Action or Petition

Last Reviewed: March 2023 Reviewed by: JES Download

Action or Petition

There are two main types of proceeding in the British Columbia Supreme Court: actions and petitions.

Whether you start an action or a petition is not a matter of choice. Rather, some types of claims have to be brought by actions while others have to be brought by petition. It is important to read the rule and get legal advice if you are not sure which type of proceeding is correct for your situation. 

Read the Rules

Rule 2-1 Choosing the correct form of proceeding.

What Are Actions and What Are Petitions?

An action: Is started with a form called a notice of civil claim. This is the most common form of a lawsuit between two or more parties. Unless there is a rule that says otherwise, you are to start your lawsuit with a notice of civil claim. For more information on preparing a notice of civil claim, see Preparing Your Documents.

Actions covers cases such as financial debt, motor vehicle accidents, construction disputes, wrongful termination of employment, malpractice, and numerous other types of cases. Generally speaking, if you want to “sue” someone for money, you will start an action.

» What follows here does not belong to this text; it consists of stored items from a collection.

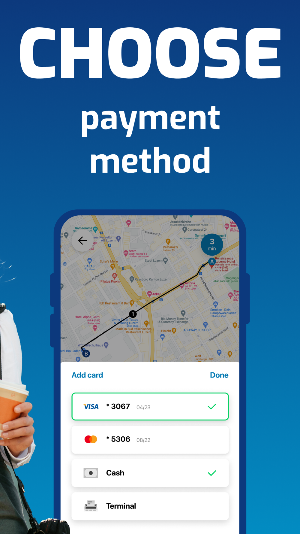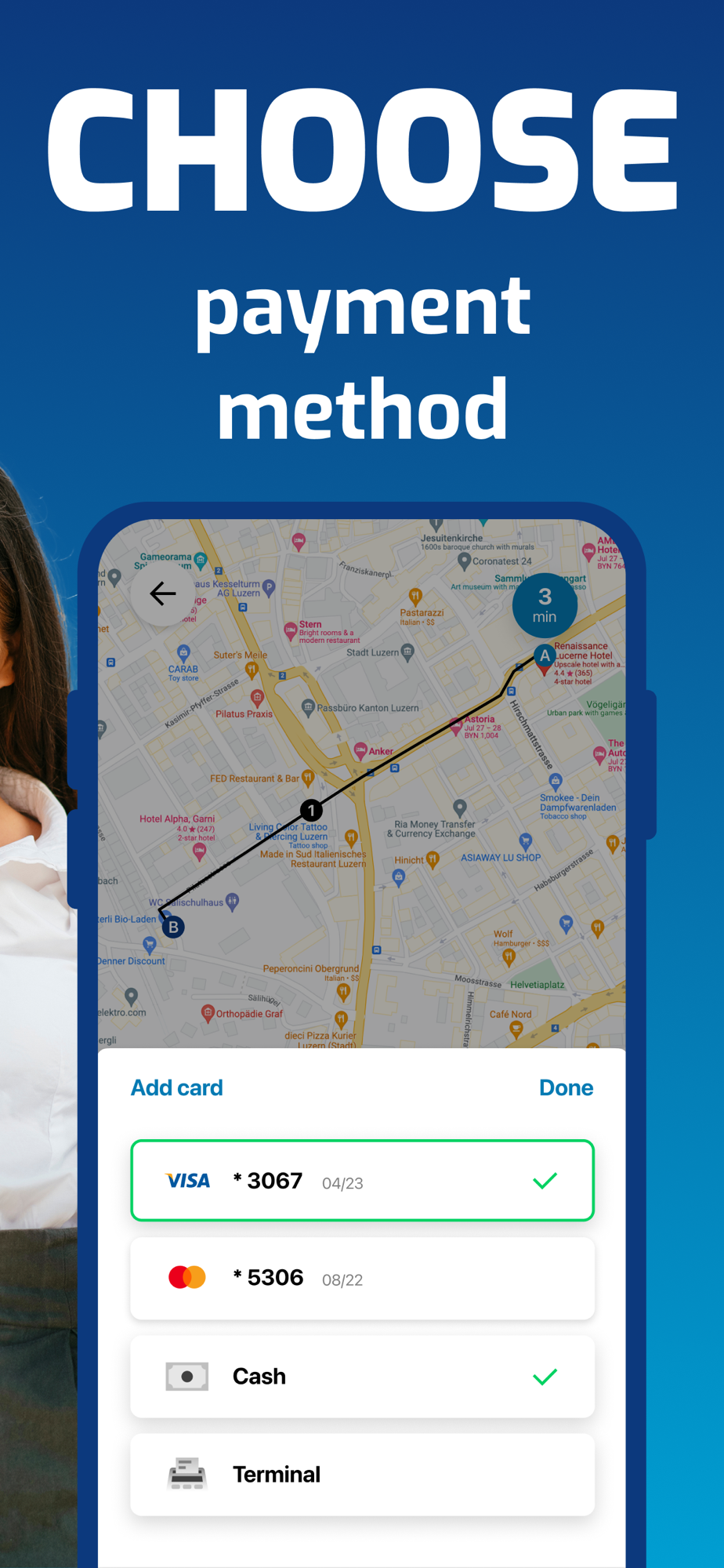 HOP IN hotel taxi allows the nearest driver to arrive at your pick-up location anywhere in Lucerne, Switzerland. There is no need to wait or use public transport. Whether it's a usual taxi ride, private hire or airport transfer, you can always book a ride in a matter of minutes!
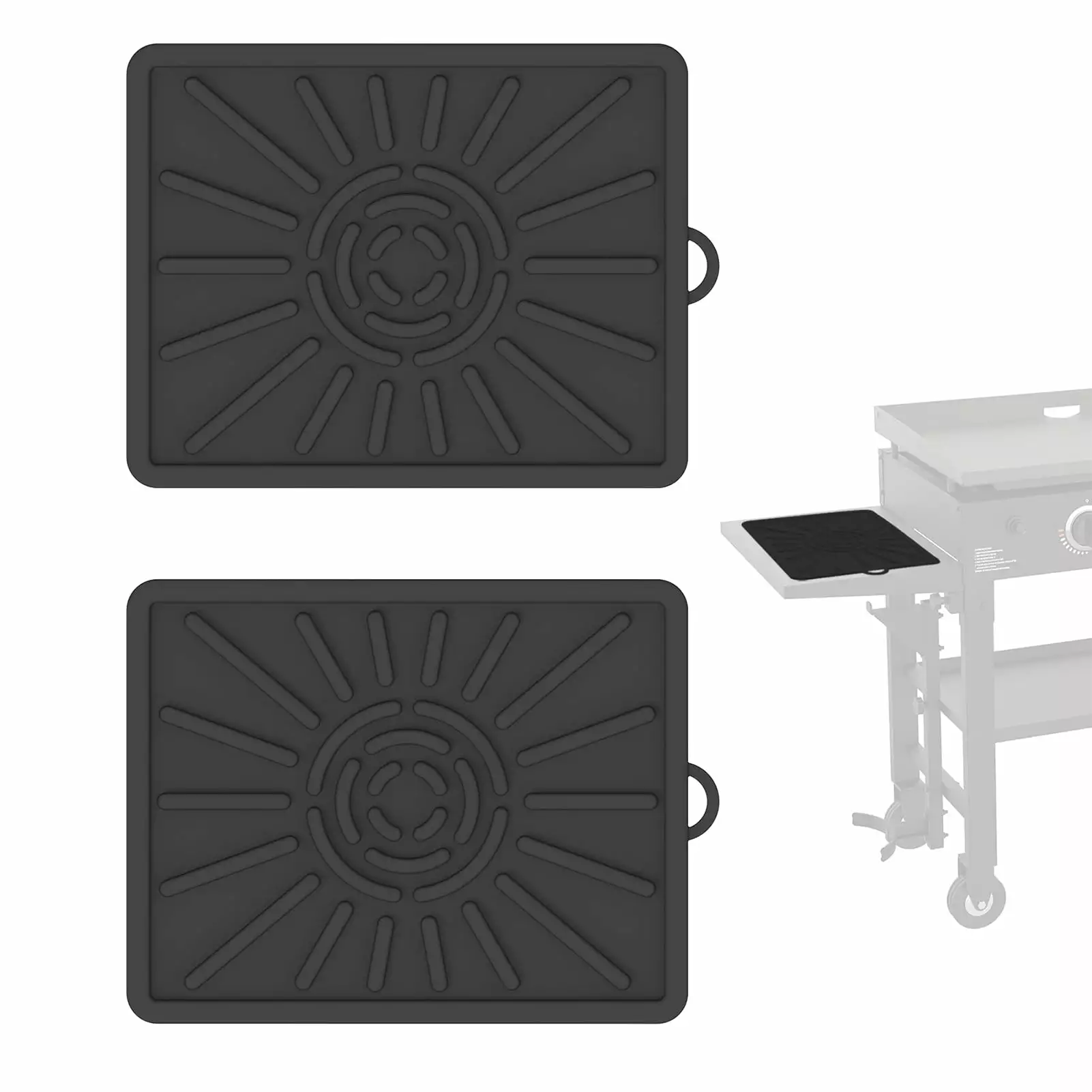 Premium grill mat is a versatile and essential kitchen tool made of 100 food-grade silicone for ultimate safety and durability. With a heat resistance ranging from -60 F to 500 F. these BPA-free mats are perfect for use on the grill. in the oven. microwave. or freezer. Not only can they be used as baking sheet mats. but they also serve as drying mats. pot warmers. counter mats. table mats. coasters. anti-scald mats. bottle openers. pot holders. spatula and spoon rests. and more. The irregular concave and convex design prevents slipping and raised edges ensure no spills. Whether you’re in the kitchen. cafe. restaurant. bakery. or at home. these versatile mats are essential for serving snacks. meals. and catering services. out on this must-have kitchen tool!
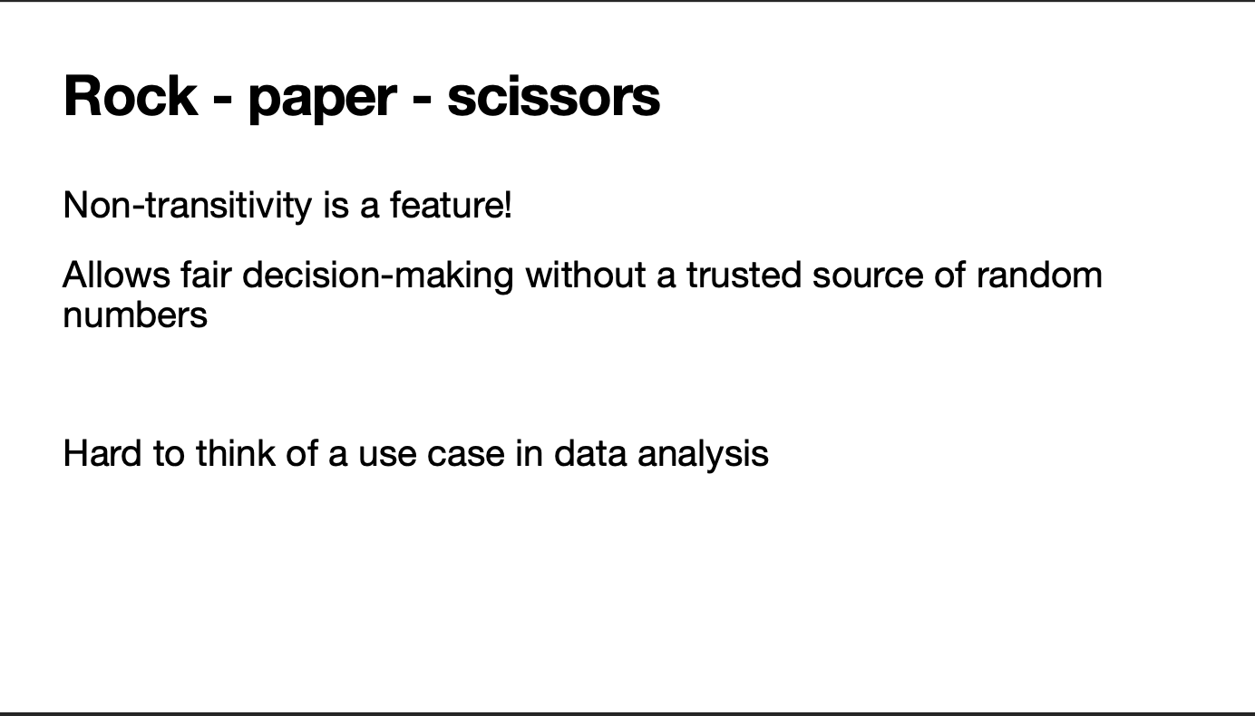 Obviously the rock-paper-scissors ordering can’t happen with the t-test, because that orders distributions by their means, which is a perfectly ordinary linear preorder on numbers. But can it happen with some tests?
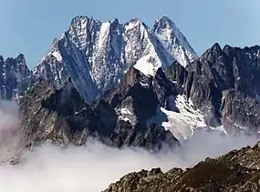 ![]() The Lauteraarhorn (centre-left) and the Schreckhorn (center-right) seen from the east | |
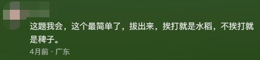 所谓稗子就是一种长得很像水稻的杂草,如不清理就会抢夺水稻的养分,这要是叫一个不知道的人去除草,可能一趟下来稗子没除几个,水稻倒是全给薅掉了。
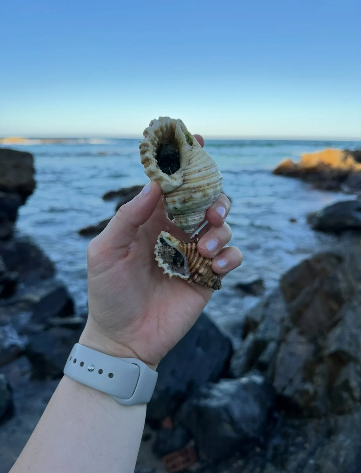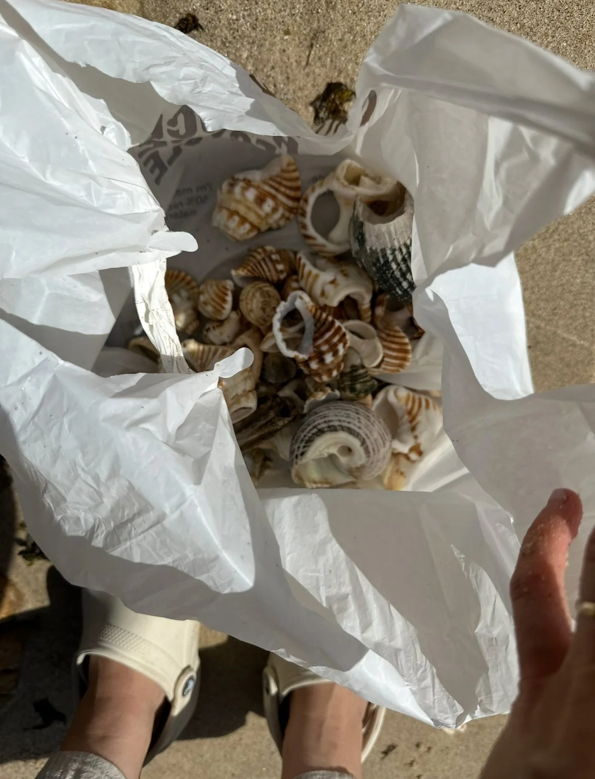 In December of 2024 we went to Elizabeth Beach for a week and when we were packing up the car our trunk was a museum of shells squeezed into sandy plastic berry punnets. I may or may not have embarked on a journey to a local nude beach (eyes down of course) to look for shells as the internet promised that any beach called “Shelly Beach” is worth a look-see and it did NOT disappoint! Anyway….
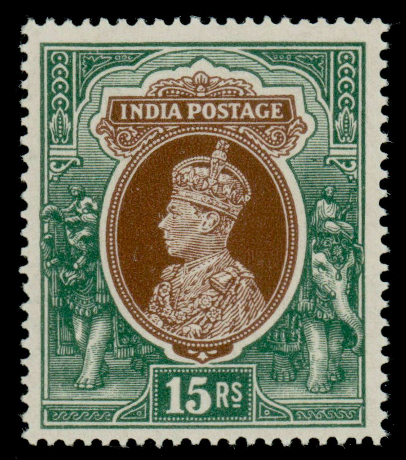 India 1937-40 GVI 15r, mint. SG 263 £180
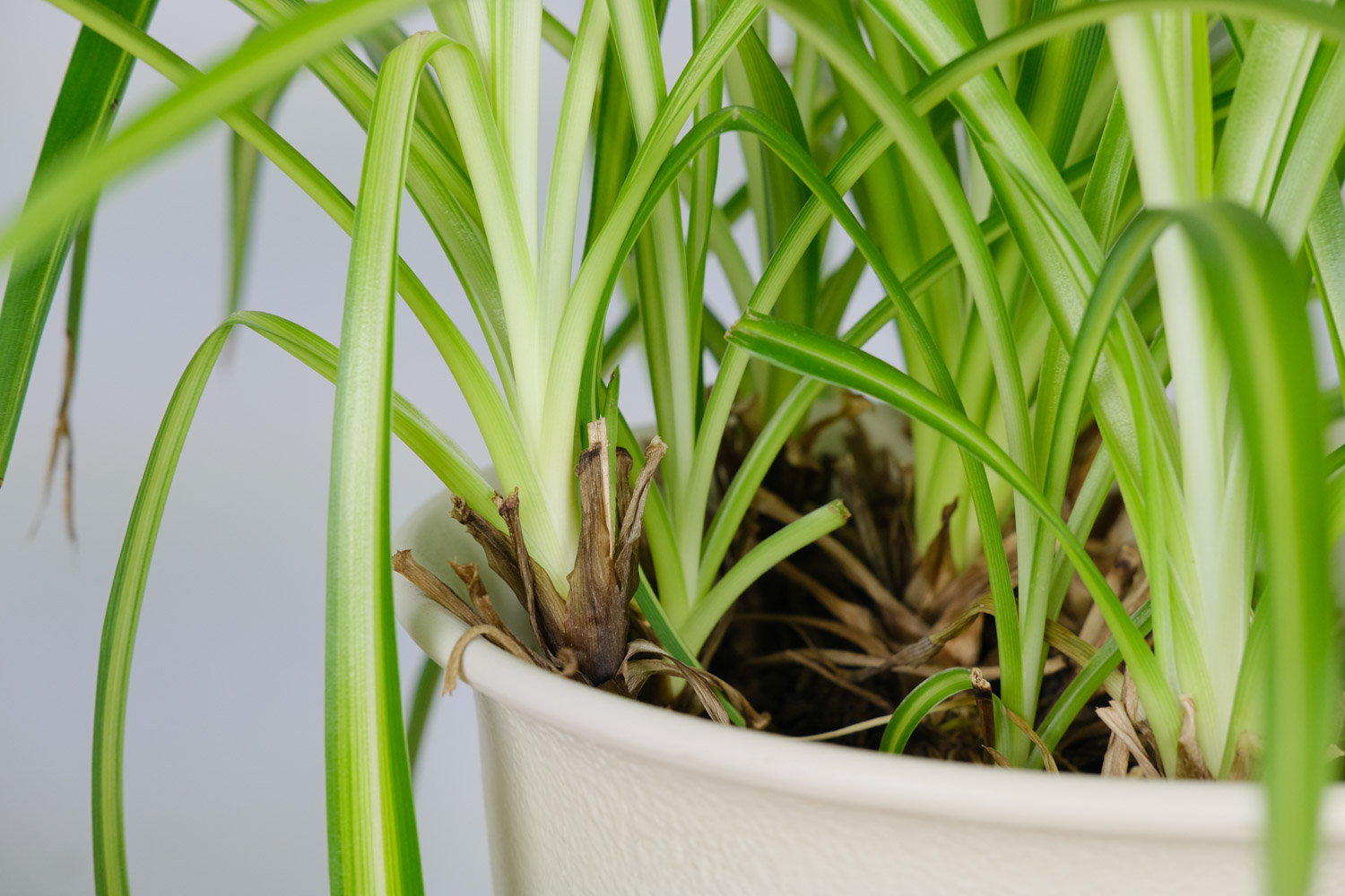 3、缺少光照:水养的吊兰非常喜光,应放在明亮的光线处多让它晒晒太阳才会旺盛生长。若是长时间见不到光照,植株易萎蔫,叶片也会发黄。要尽快补光才行,除了夏季外,都可放在光线处。
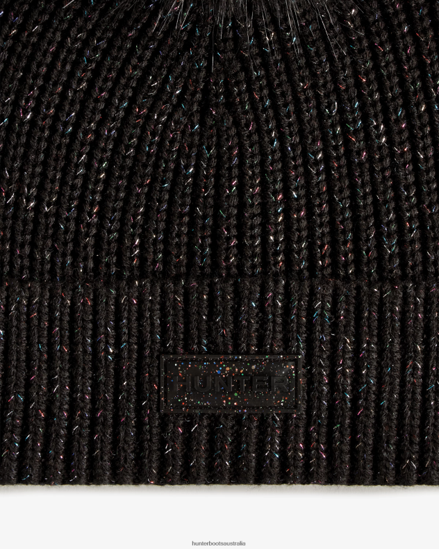Hunter Black Multi NF426483 Men Glitter Lurex Pompom Beanie
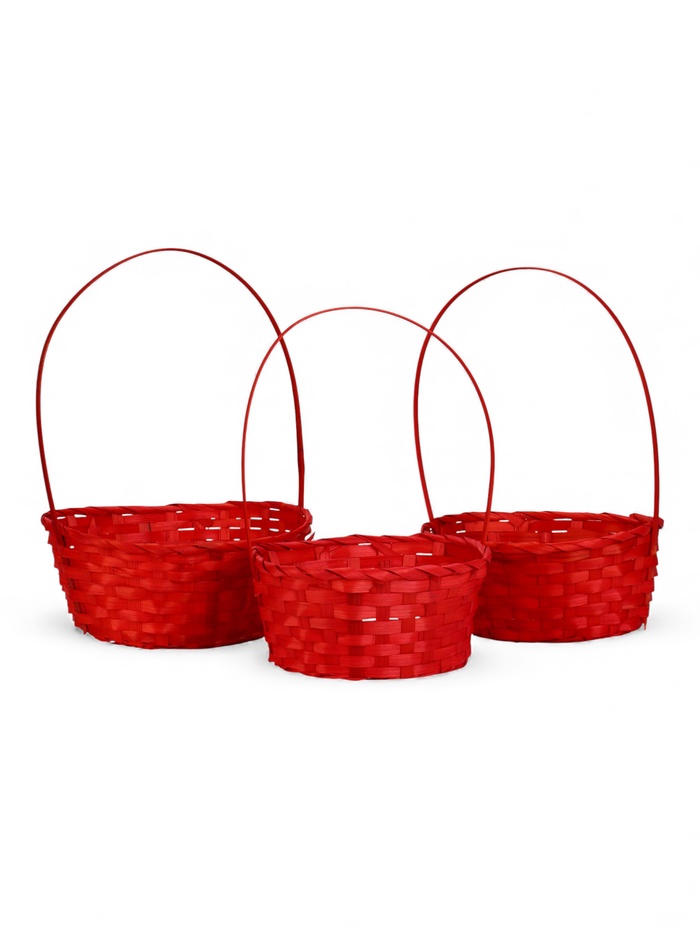 Корзина плетёная для хранения, бамбук, красная, набор 3 шт., Greengo
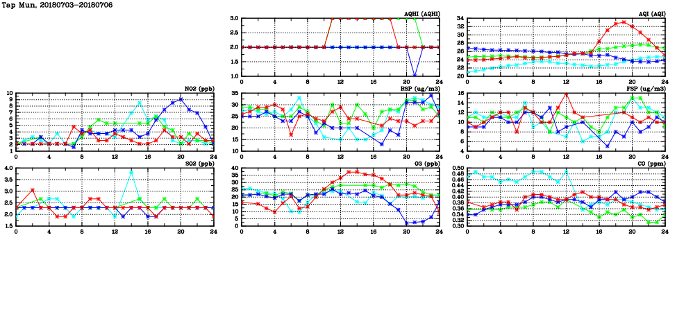 | Air Quality Data Time Series in Tap Mun (2018/07/06) | ( Line colors: Day -3 Day -2 Day -1 Current day ) | 2D Map Current AQHI |
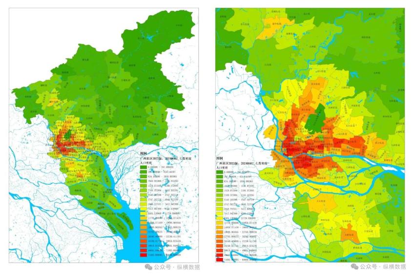 广州人口高度集中在主城区。七普数据显示,全市170多个街道乡镇中,广州主城区和远郊区的人口密度最多可相差千倍。荔湾、番禺、黄埔三区人口分布依次从集聚到分散:

A petition proceeding: In very general terms, covers matters such as judicial review, wills and estates, guardianship, adoption, bankruptcy, and foreclosure. Rule 2-1 sets out the particular actions that must be commenced by petition. Further information on petition proceedings is covered in Rule 16-1. For more information about preparing a petition, see Petitions.

You may be familiar with court proceedings and trials, but proceedings commenced by petition are different in several ways. First, the person starting the action is called the petitioner, and the person defending the action is called the petition respondent. If a proceeding is started with a petition, there is no trial with witnesses. Instead, the matter is heard by a judge, and the evidence is presented by affidavits only.

If in doubt about which type of proceeding to file, you should seek legal advice to answer this key question. If you make a mistake and start the wrong kind of process, the Court can correct that error. If you are up against a Limitation Period (see Limitation Periods) then you should make sure you get something filed by the limitation date even if you are not certain whether it should be a petition or an action.

This chart sets out the major differences between the two types of court proceedings:




Start the claim using:

Notice of civil claim (Form 1)

Petition to the court (Form 66)

Parties are called:

The person or business starting the case is called the plaintiff and the person or business being sued is called the defendant.

The person or business starting the case is called the petitioner and the person or business being sued is called the petition respondent. (Note that in some cases, there may only be a petitioner, and no respondent.)

Type of hearing:

Full or summary trial

Hearing before a judge

Type of evidence to support the claim:

Witnesses come to court to testify in person and the court also considers documentary evidence.

Witnesses do not give evidence in person. All evidence is given in the form of affidavits.


More complicated. The notice of civil claim is usually used when the facts of the claim are in dispute. Because the court may need to determine the facts so it can make a decision about the claim, a trial is often necessary.

Less complicated. The petition is usually used in cases where the facts are not in serious dispute so that they can be determined by a judge reading the evidence set out in affidavits. In some cases, a petition must be used to start a claim.

Facts are presented:

The notice of civil claim (Form 1) is used to present the facts supporting your claim. It also sets out the relief that you want the court to grant against each defendant.

The petition includes a short statement of facts supporting the claim. Instead of a notice of civil claim, a sworn affidavit is filed with the petition. The person swearing the affidavit swears that the facts in the petition are true.

Discovery of documents and people:

Before the trial, the plaintiff and defendant are both entitled to see the evidence of the other party (document discovery) as well ask questions of the other side in a meeting called an examination for discovery.

Before the hearing, the petitioner cannot ask for documents from the petition respondent or ask them questions. All evidence is presented in the form of affidavits.